No-Mayo Potato Salad
A delicious version for those who don’t like or can’t eat mayonnaise – quantity for 1 serving (potato is about the size of your hand).
Best served room temperature and improves overnight – zap a few seconds in microwave to reheat.

1 potato, 1/2 tennis ball sized onion, vinegar, extra virgin olive oil, chopped parsley, salt and pepper to taste.

Chop the onion into small dice or slice very thinly.  Place in a bowl.  Either by microwave or by boiling, cook a whole unpeeled potato till a knife inserted comes out easily.  Stab the hot potato in one end with a fork and use the fork to hold potato while scraping off the skin (if organic, do not peel) and cut into slices about 1/2” thick.  Add to bowl.  Add about 1 tablespoon olive oil and sprinkle with vinegar, salt, pepper and toss well.  Taste and add more oil or vinegar if necessary.  The potato will soak up just about all the vinegar and oil.  Cover with plastic wrap and let cool, adjust salt/pepper if necessary and sprinkle with parsley.

Mozzarella & Tomato Salad with Balsamic Vinaigrette
The sweet sour balsamic kick really perks up this classic dish – quantities are for 1 serving.

1 ripe and flavorful tomato, 1/2 tomato sized quantity of fresh mozzarella, 1 teaspoon balsamic vinegar, 2 tablespoons extra virgin olive oil, Italian seasonings and Parmesan cheese to taste, salt, coarse salt and freshly ground black pepper.
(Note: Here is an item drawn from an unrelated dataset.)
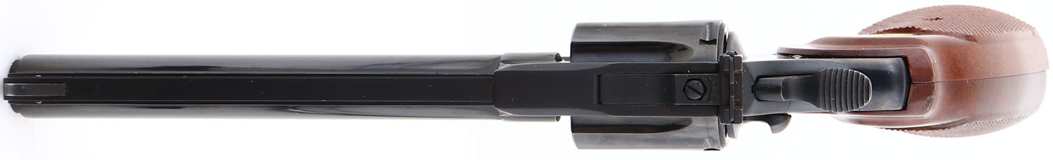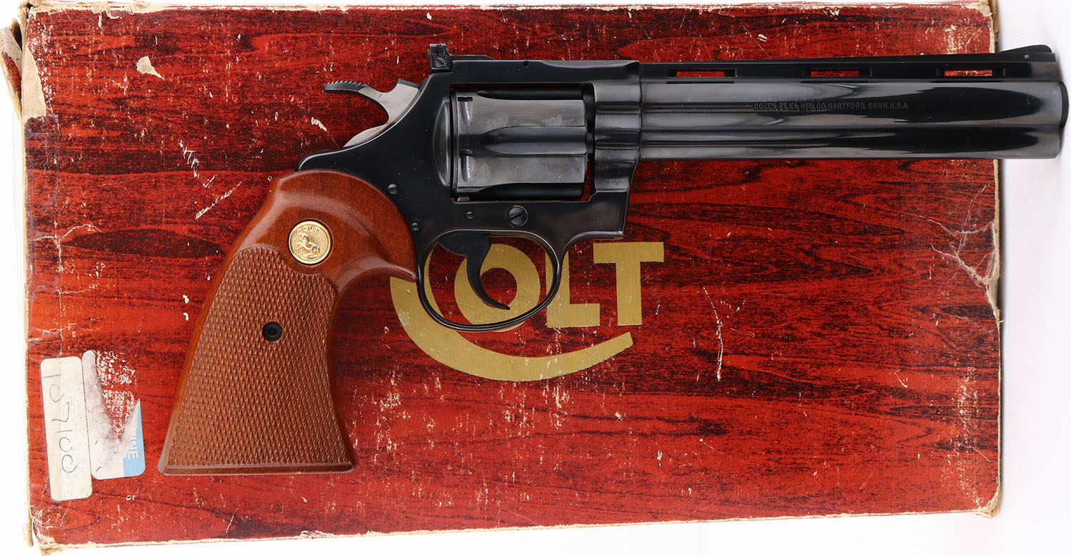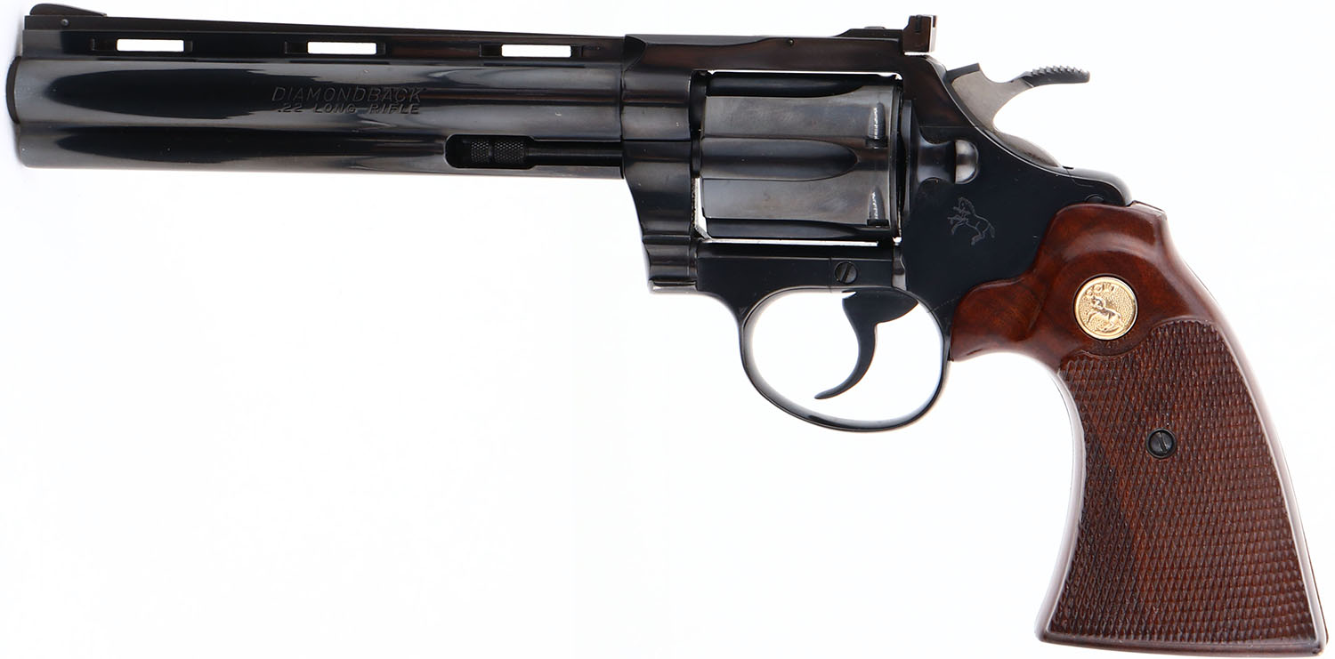 BOXED, Colt, Model Diamondback, CAL: 22 LR, MFG: 1978, SN:R18601, Double Action Revolver, 6'' barrel. The Colt Diamondback was introduced as a deluxe model in 1966, inspired by the successful Colt Python, in calibers of .22 LR, .22 WMR & .38 SPL. The Diamondback is built on the smaller ''D frame'', same as used in the Detective Special. It has a 6-shot swing-out cylinder & was available in blue or nickel finishes. It has a wide serrated target hammer, ventilated rib, fully adjustable target quality sights, & full-length barrel underlug. The left side of barrel is stamped ''DIAMONDBACK .22 LONG RIFLE''. They came with Gold tone Colt medallions in the checkered Walnut grips. The grips on this example are near mint, with a small edge rub on the front bottom & a couple of tiny contusions. The high polish blued finish is Likewise near mint. Bore is near mint. The satin finished top of the ventilated rib barrel holds a screw height adjusting ''U'' notch rear sight & front blade sight. This gun comes in the Colt wood grain box, with 5 different original pamphlets or booklets. Nearly NOS. Very collectible Diamondback. FFL Req. - Value: 1500 to 2500

Wash and core tomato.  Slice crosswise into 4 or 5 slices.  If using 1 large ball of cheese, slice into 4 or 5 slices.  If using mini cheese balls, leave whole.  Combine the vinegar, olive oil, and seasonings in a small bowl and whisk together with a fork.  Taste and add salt if needed.  Layer alternating slices of tomato and mozzarella (or arrange tomato slices and decorate with small cheese balls).  Drizzle tomato and cheese with dressing.  Top with a few grinds of black pepper and sprinkle with coarse salt.